Voice Over WiFi: Four Challenges, Countless Opportunities (Sidebar)
By Robert Sparks
The emergence of voice over WiFi (VoWiFi) broadband wireless stands as a logical component of a broader goal now shared by most buyers and sellers of communications: to liberate services from the limits of a single delivery system and make any given IP application or service available to paying customers wherever they are, via the best available delivery network at hand, and featuring emerging VoIP telephone calls.
WiFi is particularly attractive to IP applications users for its enterprise LAN-like speed and quality — virtues that make WiFi particularly accommodating to VoIP. As mobile manufacturers deliver handsets capable of accessing both WiFi and cellular networks, VoIP subscribers could soon begin to enjoy premium quality connections wherever they are available.

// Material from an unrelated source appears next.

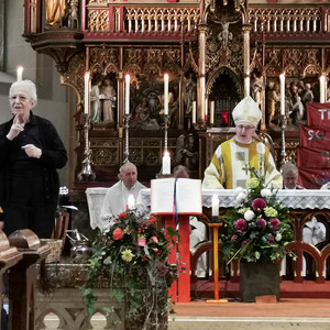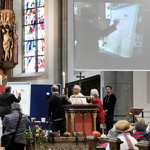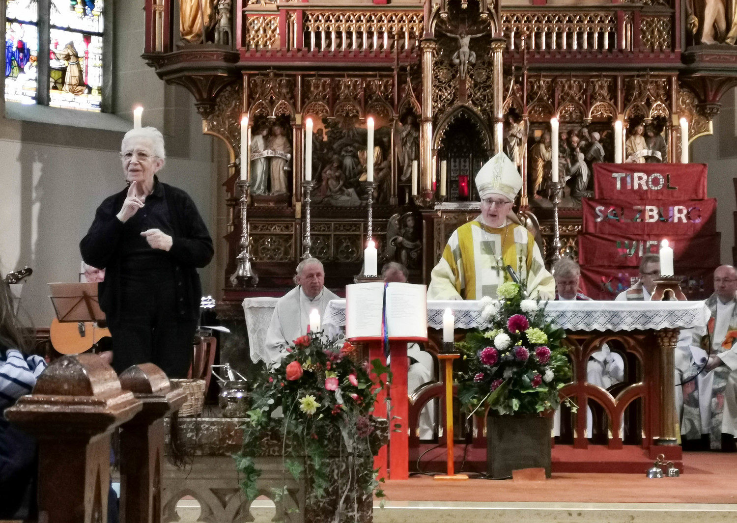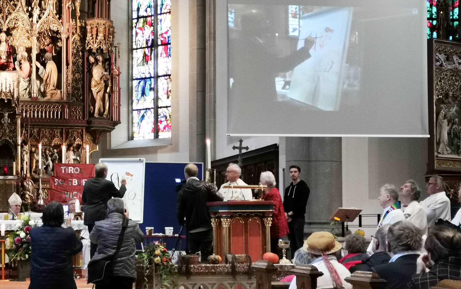 Dr. Fellinger hat das Evangelium wunderbar gebärdet und dazu gezeichnet: Jesus heilt einen aussatzkranken Mann. Der Aussätzige hatte den Mut, zu Jesus zu kommen und Jesus war bereit, ihm zu helfen. Das hat Bischof Iby dann auch in der Predigt erklärt: Wir dürfen IMMER zu Jesus kommen, mit unseren Bitten, unserem Dank. Wann kommen wir zu Jesus?

However, a handful of substantial hurdles must be overcome to make IP-based VoWiFi practical, available, secure, affordable, and easy to use. Most of these hurdles can be largely surmounted over the next 12 months, given the marketplace urgency to do so. As they are surmounted, VoWiFi will present opportunities to transform the ways people use networks and devices.
In the meantime, the industry must overcome challenges in four particular areas: Identity Sharing, Ubiquitous WiFi Network Access, Seamless Roaming Across Unlike Networks, and Device Capability Limits.
In VoWiFi, as with any other networks, users calling each other must be enabled to securely authenticate their identities to both service providers and each other. Yet WiFi’s highly diversified ownership and current dearth of inter-operator business relationships preclude any simple application of authentication methods or technologies from other types of access networks.
In traditional phone networks, subscribers delegate to the service provider authority to accurately identify any caller or ‘callee’ through the service provider’s own contracts to share that information with other service providers. This traditional caller implicitly trusts that “Caller ID” information is accurate, primarily because the service provider owns the physical drop into the subscriber’s premises and so is assumed to be the only entity using that connection.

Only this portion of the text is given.